07 Feb, 2009   ·    Ed. Rajesh M. Basrur & Mallika Joseph

About the Book

South Asia, with its immense human security deficit, compounded by inter-state tensions and the consequent diversion of human and financial resources from people’s needs to states’ preferences, urgently requires a change in mindset. When the peoples of the region obtained independence from colonial domination, human security was the overarching norm. The great hope was that freedom would bring them broad-based security and opportunities for self-development. Some six decades later, those hopes remain unrealized to a large degree. While large numbers of people remain mired in poverty and insecurity, the political orientation of elites has slid into an overwhelming preoccupation with state security.

This volume is an attempt to redress the balance. Its thrust is to bring human security back to centre stage and to highlight the problems and needs of the people of the subcontinent.


Table of Contents

1. Introduction: Bringing Human Security: Back into South Asia
Rajesh M. Basrur

2. Pakistan: Small Arms proliferation
Salma Malik

3. Nepal: The Political Economy of Turbulence
Nishchal N. Pandey

4. India: Leftwing Extremism
Mallika Joseph

5. Sri Lanka: Tsunami, Poverty and Ethnic conflict
Jeevan Thiagarajah

6. Bangladesh: Post-conflict Peace-building
A.K.M. Abdus Sabur

About the Editors

Rajesh M. Basrur is Associate Professor at the S. Rajaratnam School of International Studies (RSIS), Nanyang Technological University, Singapore. Earlier, he was Director, Centre for Global Studies, Mumbai, India (2000-2007) and taught History and Politics at the University of Mumbai (1978-2000). He has engaged in post-doctoral research at RSIS (2006-07), Stanford University (2002-2003), Sandia National Laboratories (2002), the Brookings Institution (2001-2002), the Henry L. Stimson Center (2001), the University of Illinois at Urbana-Champaign (1995-96), and Simon Fraser University (1994).
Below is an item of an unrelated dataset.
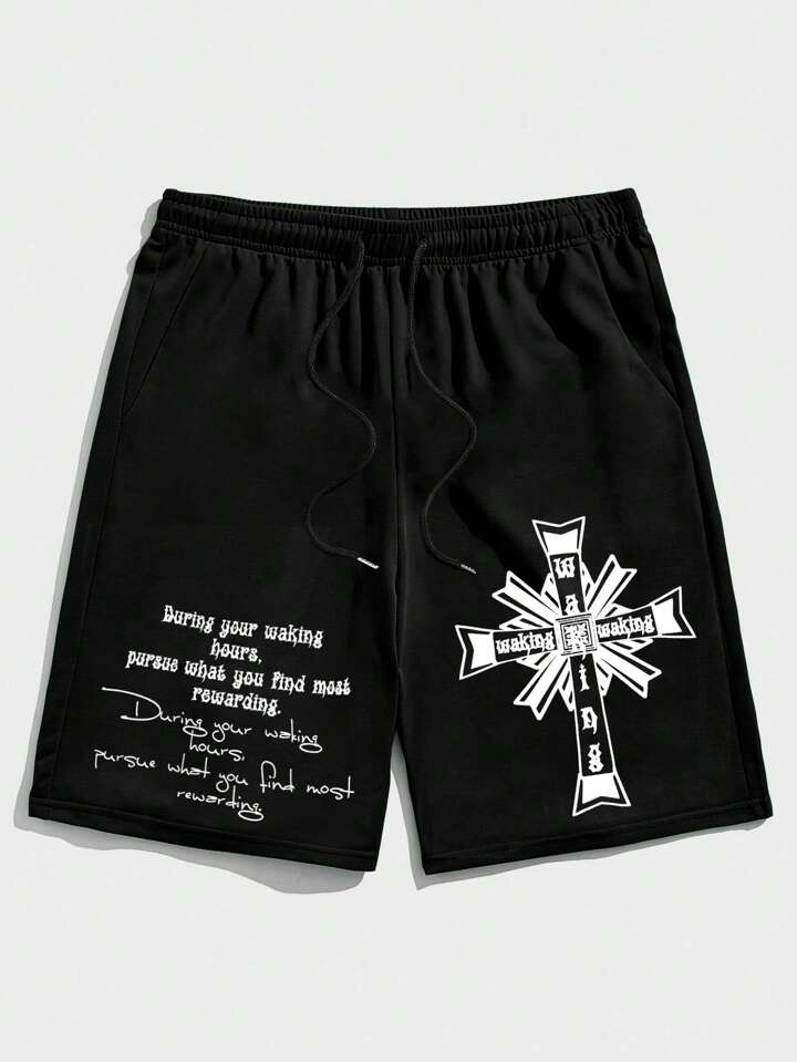 Street Life Guys Slogan Graphic Drawstring Waist Shorts
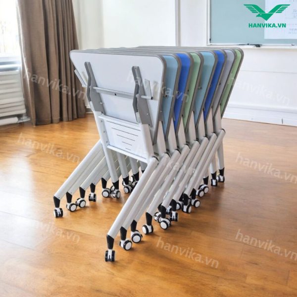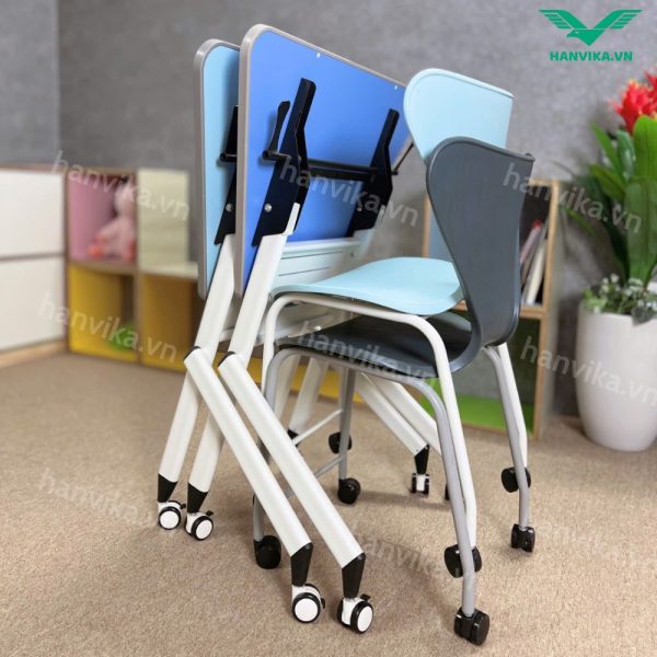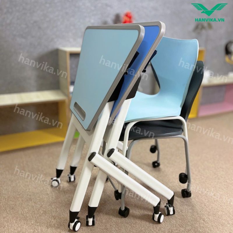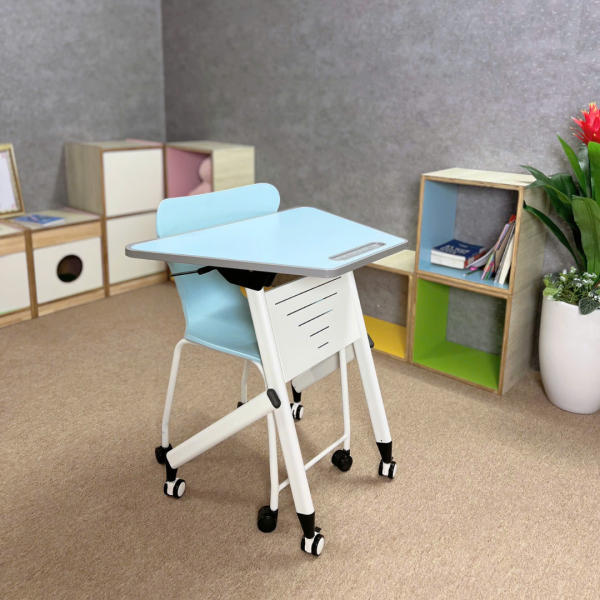 Nhờ bánh xe cao cấp bền bỉ và khả năng lồng chân gọn gàng, sản phẩm mang lại giải pháp linh hoạt – tiết kiệm không gian – hiện đại hóa lớp học.

Mallika Joseph is Deputy Director at the Institute of Peace and Conflict Studies. She  researches on various issues relating to South Asian security. In particular, she works on security sector reforms and has worked with the DFID on a study on Security Sector Reforms in Asia. In 2007 and in 2006, she was part of the DFID high-level technical team that offered consultancy for broad based SSR engagement in Guyana. Her areas of interests include security sector reforms, international terrorism, Left Extremism, improvised explosive devices, small arms and light weapons. She has also co-edited Reintroducing Human Security in South Asia, Consolidating Peace in Jammu and Kashmir, Terrorism and its repercussions on International Politics and Missing Boundaries: Refugees, Migrants, Stateless and Internally Displaced Persons in South Asia.